New York City is developing a new line of temporary housing for future disasters using shipping containers.
New York City Plans Disaster Housing Project
They emerge unscathed from rough seas and handling, but can those impregnable shipping containers on the waterfront survive 5-year-olds with permanent markers?
New York City’s emergency management office seeks to find better solutions for what to do with those displaced by natural disasters, including units that could be stacked high to maximize space.
As thousands of families left homeless by Hurricane Sandy struggle to find lodging, New York City and federal officials are pushing ahead with plans to develop a new line of temporary housing that could be rolled out quickly for future disasters. Those plans, city officials said, call for using shipping containers, or other types of modular units, that — unlike trailers — could be stacked high to maximize space in a city with little real estate to spare.
The city’s disaster housing plan, which has been under development for five years and was reported Monday by The New York Observer, would not affect those currently displaced by the storm.
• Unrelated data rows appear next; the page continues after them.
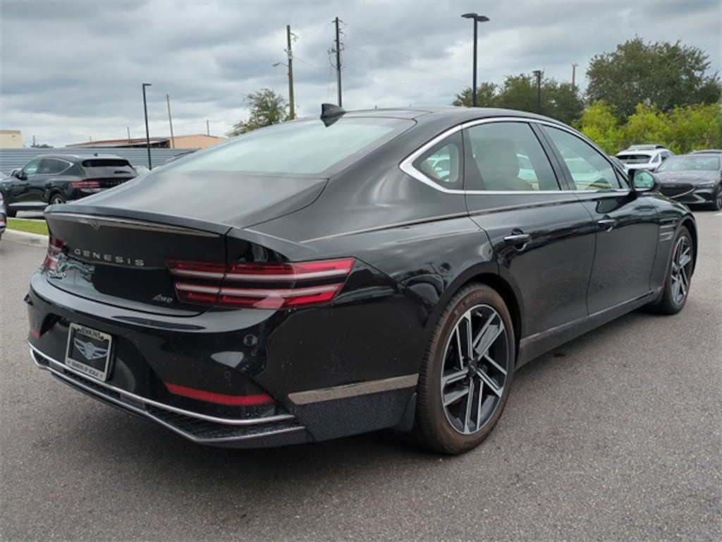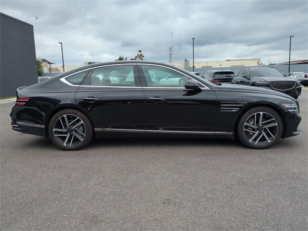 The price does not include tax, tag, license, an electronic filing fee of $449.00**, a private tag agency fee of $199.00**, and a predelivery service charge of $1199.00** **This charge represents costs and profit to the dealer for items such as inspecting, cleaning, and adjusting vehicles, as well as preparing documents related to the sale.* EPA-estimate metric: these are contingent on ideal conditions within a lab. Real-world situations such as carrying passengers or cargo, using climate control, driving style, and ambient temperatures can affect actual metrics. 20/29 City/Highway MPG Certified. Vik Black 2025 Genesis G80 2.5T AWD 8-Speed Automatic I4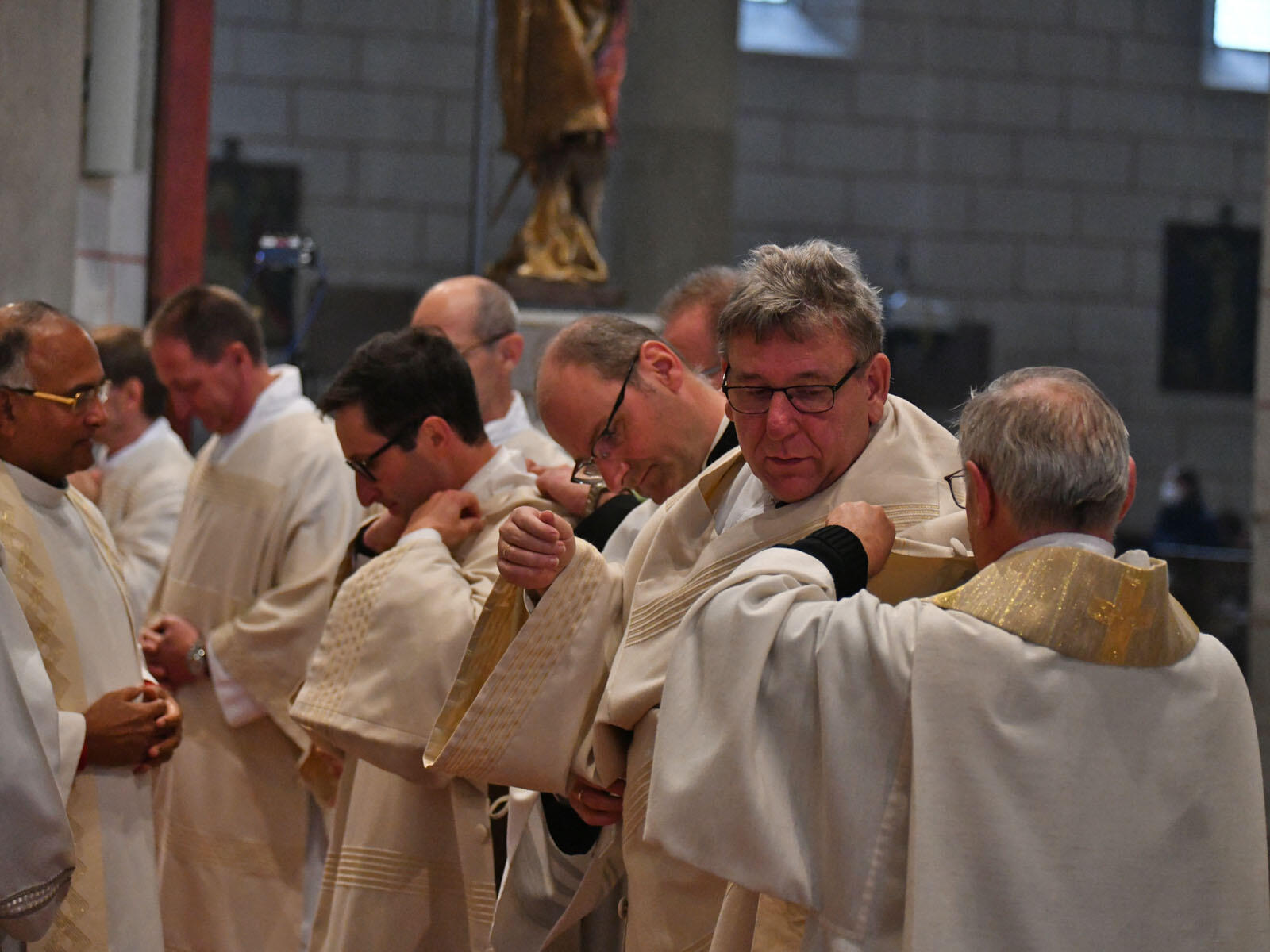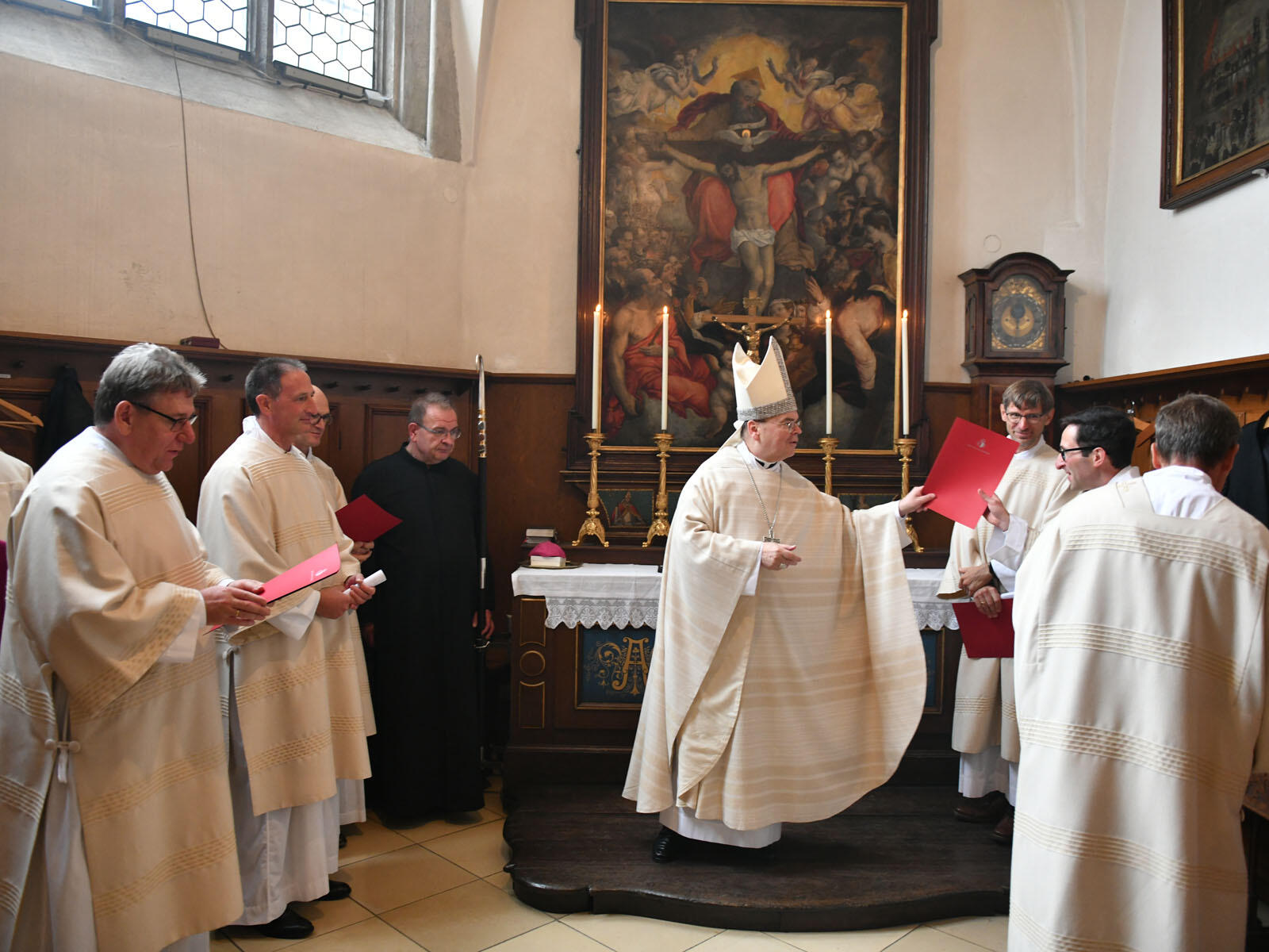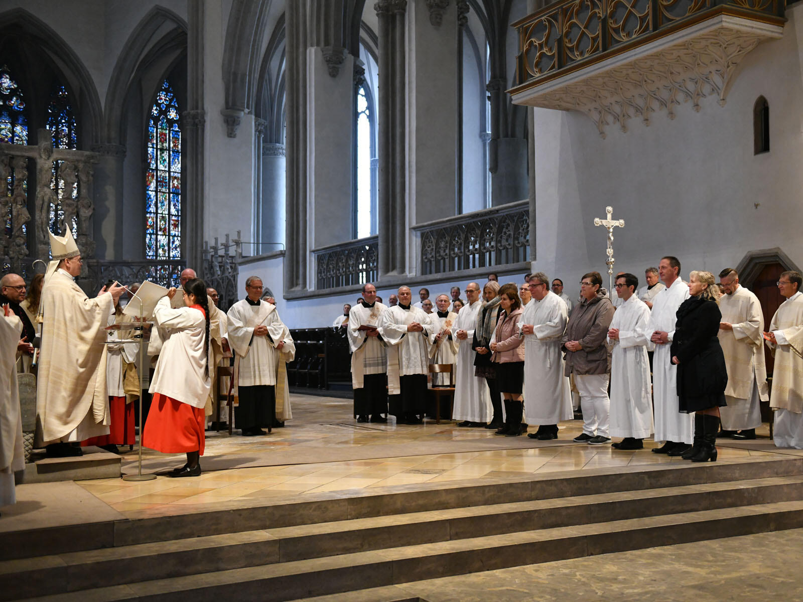 Auch die Ehefrauen der Weihekandidaten bestätigten während der Weiheliturgie mit ihrem „Ich bin bereit“ die Frage des Bischofs nach der Bereitschaft, ihre Ehemänner bei deren Dienst zu unterstützen. Schon in seiner Predigt brachte Bischof Bertram den Ehefrauen gegenüber seine Wertschätzung zum Ausdruck: „Danke, wenn Sie Ihren Mann, Ihren Vater und Bruder, Ihren Kollegen und Freund in seinem neuen Amt mittragen. Das braucht Umstellung.“ Es liege auch an den Familien, dafür zu sorgen, dass die Diakone ihr Augenmaß behielten und den richtigen Blick bewahrten.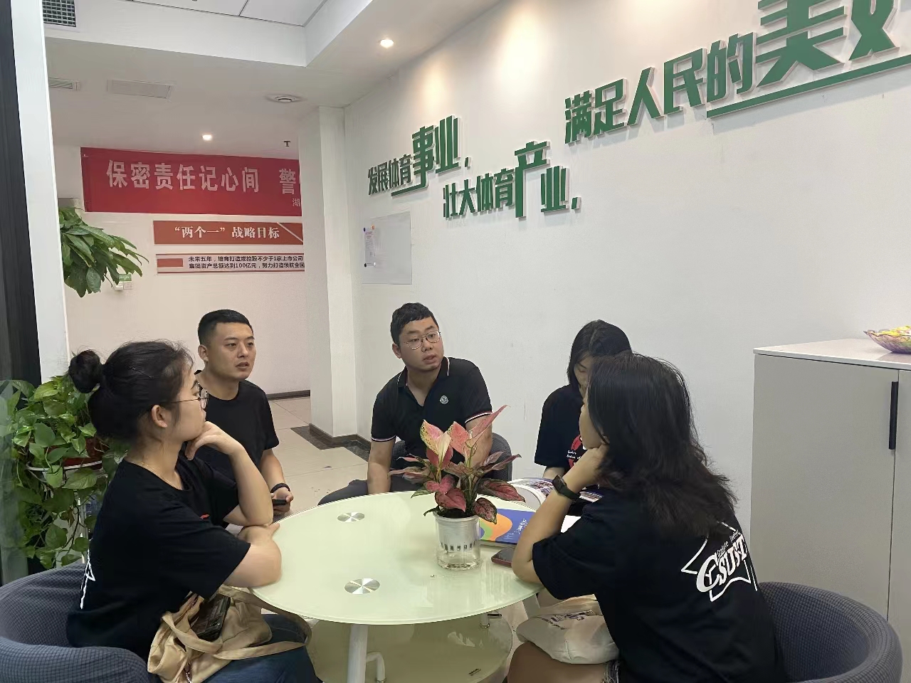 7 月 4 -6日,实践团成员在指导老师刘丽云教授的带领下前往湖南省体育产业集团及其旗下企业湖南巨人体育科技有限公司进行调研。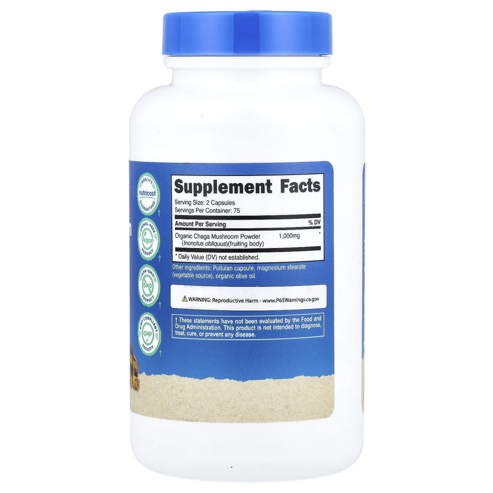 В отличие от многих похожих продуктов Nutricost, гриб чага имеет сертификат CCOF как органический. Ищите сертификат на бутылке. В 1 капсуле по 1000 мг 1 порции содержится 500 мг органического гриба чага. В каждом флаконе 150 вегетарианских капсул — 75 порций. Легко добавьте в свой ежедневный рацион средство, приготовленное из органического гриба чага.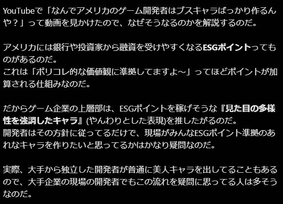 ESGポイント高いクソブス売れないゲーム作るのとESGポイント無視なドチャシコ覇権キャラゲー作るのとアメリカリベラルポリコレ世界的には前者が正答でしたねだから滅びた…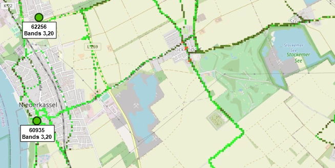 Grundsätzlich bist Du mit der Funkzelle in Bergheim (eNB ID 62342) verbunden. Auffällig ist, dass die Funkzellen aus Mondorf und Müllekoven auch auf den Bändern 3 und 20 senden. Nach meiner Erfahrung, auch wenn ich den Homespot nicht kenne, sucht der Homespot den bestmöglichen Kontakt und hierbei nimmt er Band 20 als BackBone oder Ankerband! Meiner Meinung nach (ich kalkuliere mal, Du wohnst im Grenzgebiet zwischen Bergheim und Müllekoven) kann es durchaus sein, dass es durch durchaus wetterbedingte Störungen oder Interferenzen passieren kann, dass der Homespot eigenständig die Funkzelle wechselt, um dann festzustellen, dass diese doch nicht so dolle ist!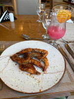 Питание: Отель имеет основной ресторан Horizon с наличием 16+ без детей, питание разнообразное, огромных очередей не видели , голодными не были, в меню мясо ( баранина, курица, говядина), рыба и морепродукты, детское меню, гарниры, десерты , из алкоголя- вино, коктейли, пиво, сезонные фрукты: инжирные персики, дыни, виноград, яблоки, груши, сливы, иногда манго. Кроме того , есть 7 ресторанов a la carte(6 бесплатных и 1 рыбный платный), побывали в 3- х из них, рекомендую все: азиатский,гриль, итальянский. Фотографии блюд прилагаю.Бары работают с 10 до 18 ч.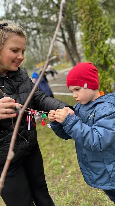 В Рыбнице малыши сняли красно-белые бутоньерки, которые носили весь март, и повесили их на ветки деревьев.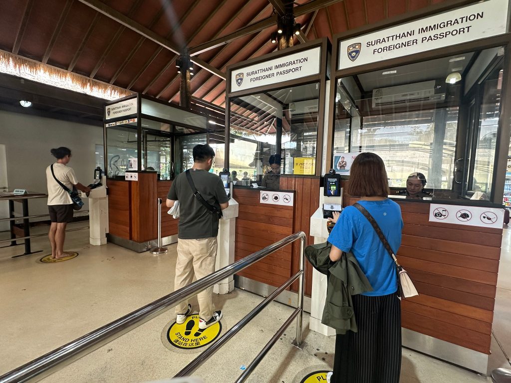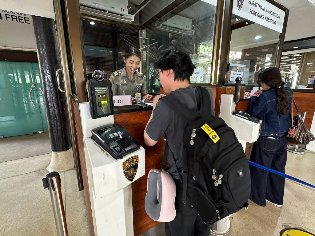วันที่ 17 มี.ค.68 ร.ต.อ.ธฤติพัฒน์ สมมะลวน รอง สว.ตม.จว.สุราษฎร์ธานี ,ร.ต.อ.หญิง ภาวดี หวานทอง ,ร.ต.อ.หญิง จันทร์จิรา วิถี พร้อมด้วยเจ้าหน้าที่ ตม.จว.สุราษฎร์ธานี (ทอ.สมุย) ปฏิบัติหน้าที่ตรวจบุคคลและพาหนะทางอากาศ, Overstay, Visa on arrival พร้อมดูแล ช่วยเหลือ อำนวยความสะดวกและความเรียบร้อยในแถวระหว่างรอเข้าใช้บริการให้กับผู้โดยสารที่เดินทางเข้า-ออก ทางอากาศในเขตพื้นที่รับผิดชอบประจำสนามบินสมุย อ.เกาะสมุย จว.สุราษฎร์ธานี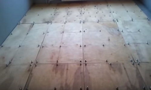 Перед настилом фанерных листов их нужно порезать на квадраты 60х60 см или 75х75 см. Такая процедура способствует созданию множественных швов, что в будущем приведет к регулировке колебаний температурного режима, а также уровня влажности. При монтаже квадратов на бетонное основание нужно следить за тем, чтобы все 4 шва не сходились в одном углу, а были смещены.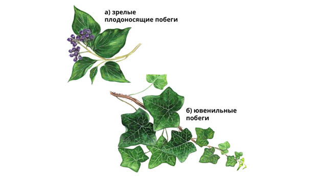 Рис. 10. а) взрослые плодоносящие побеги; б) ювенильные побеги плюща взятые с одного растения. Фактором переключения с ювенильности на зрелость является степень освещенности данной части растения, а также степень концентрации ауксинов, которая зависит от мощи апикальной почек и общей биомассы растения. От света зависит доминирование в апикальных почках гормона зрелости - ауксина или цитокинина – гормона ювенильности. Растение легко переключается на неотению и может поддерживать её не ограниченно.

They have been scattered across the city in hotels, friends’ homes and vacant apartments.
But in future disasters the city’s plan would seek instead to provide interim housing for many of the affected within their own communities, while their own places are being repaired or rebuilt, said Joseph F. Bruno, commissioner of the city’s Office of Emergency Management. “We’re recreating their community, having people where they live and shop,” he said.